To demonstrate the usefulness of the dataset as well as to validate its general integrity, the first case study employs selected quantitative tools and explores the traces of Chinese meta-discourse concerning the US. The case study builds on the fact that the US has played a crucial role in China’s international relations for decades and as a leader of the liberal democratic world, it can be regarded as the “significant other” for the Communist China. Moreover, after decades of dynamic rise, by the end of 2010s (at the latest), China has established itself by most counts as the second most powerful nation-state in the international system and perhaps the only serious peer contender to the US – although still arguably from far away [52]. As we saw previously, the US has been central to both “low profile” diplomacy – when China was not interested in confrontations and focused primarily on the economy and cooperation – as well as during the periods of “Chinese assertiveness” and “Chinese influence”, when China came to be perceived as opening new fronts in anti-Western and anti-US activity. Looking at how the US appears in the Chinese official foreign policy discourse is of outmost importance both as an expression of Chinese foreign policy as well as a way to understand self-perception of Chinese government in relation to its main peer rival. The collected dataset allows us to explore both longitude dynamics, as well as topical connections between various issues.
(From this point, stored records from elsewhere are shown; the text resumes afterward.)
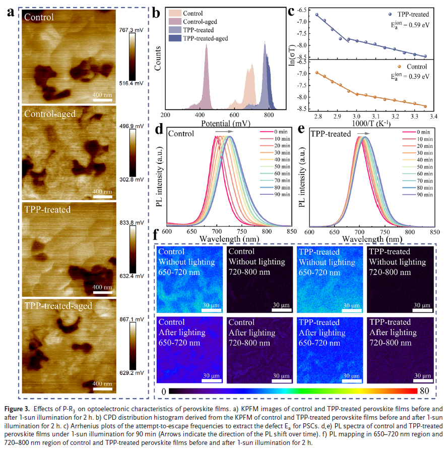 - TPP分子实现三重界面优化:通过TPP分子在Me-4PACz/钙钛矿界面处填补缺陷、钝化Pb²⁺、锚定[PbX₆]⁴⁻结构,同步实现缺陷抑制、结晶引导与离子迁移抑制。
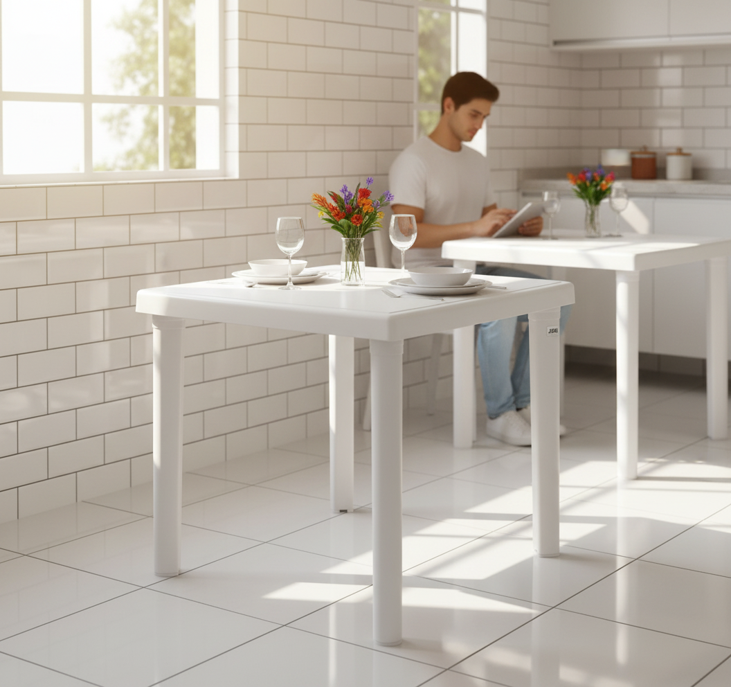 Mesa Corporativa Quadrada Polipropileno — Durabilidade e Otimização de Espaço
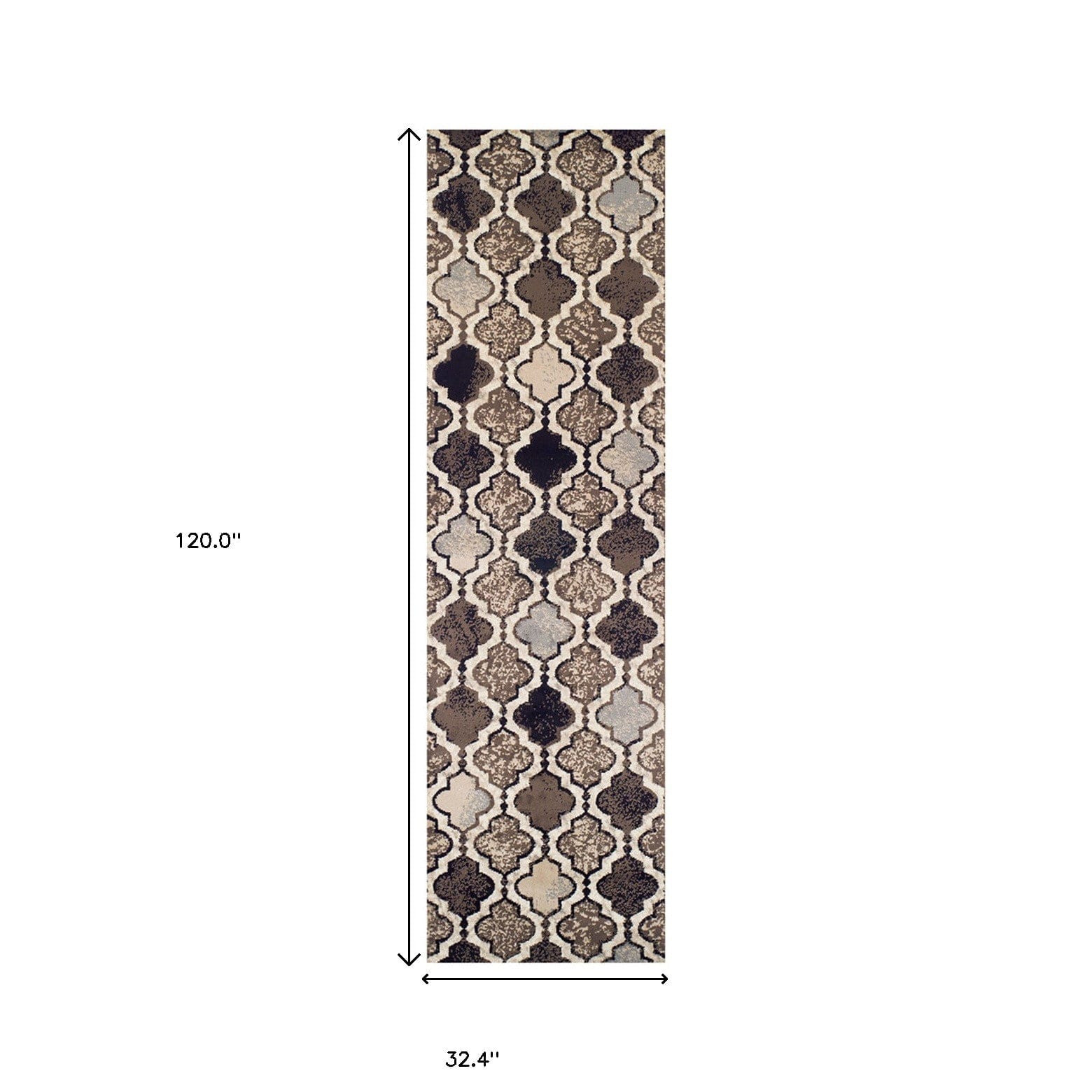 10' Ivory Quatrefoil Power Loom Distressed Stain Resistant Runner Rug

To begin, we took the extracted named entities and analyse them for the occurrence of keywords that explicitly refer to the United States as a country or its highest representatives. This includes a narrow country references (US; USA, United States; Washington) as well as its main representatives (presidents [Bush, Obama, Trump] and secretaries of state [Pompeo, Tillerson, Kerry, Clinton, Rice, Powell]). If any of the keywords is found, the list of extracted entities, a tag referring to US, is assigned to a specific question/response dyad. We use these tags for sub-setting the corpus only to responses concerning the US so they can be analysed for prevailing Chinese discourse in relations to the country in question. In order to highlight the potential differences in prevailing narratives before and after the change in Chinese leadership (Hu Jintao [2002–2012]; Xi Jinping [2012 - present]), we split the sub-corpus to period before and after November 15, 2012 (see summary in Table 1). To map the overall discourse, we first focus on changes in sentiment polarity in answers concerning the US. Second, we summarize the changes identified under Hu Jintao and Xi Jinping as consistent phrases that are present in our datasets and visualize them in a discourse network. The imbalanced data is not an issue for any of the presented analysis as both sentiment scores and pairwise correlations of words (i.e. consistent phrases) are normalized within their respective subcorpora (average sentiment is measured on the level of sentences; probabilities of co-occurrences of words are relative to number of sentences).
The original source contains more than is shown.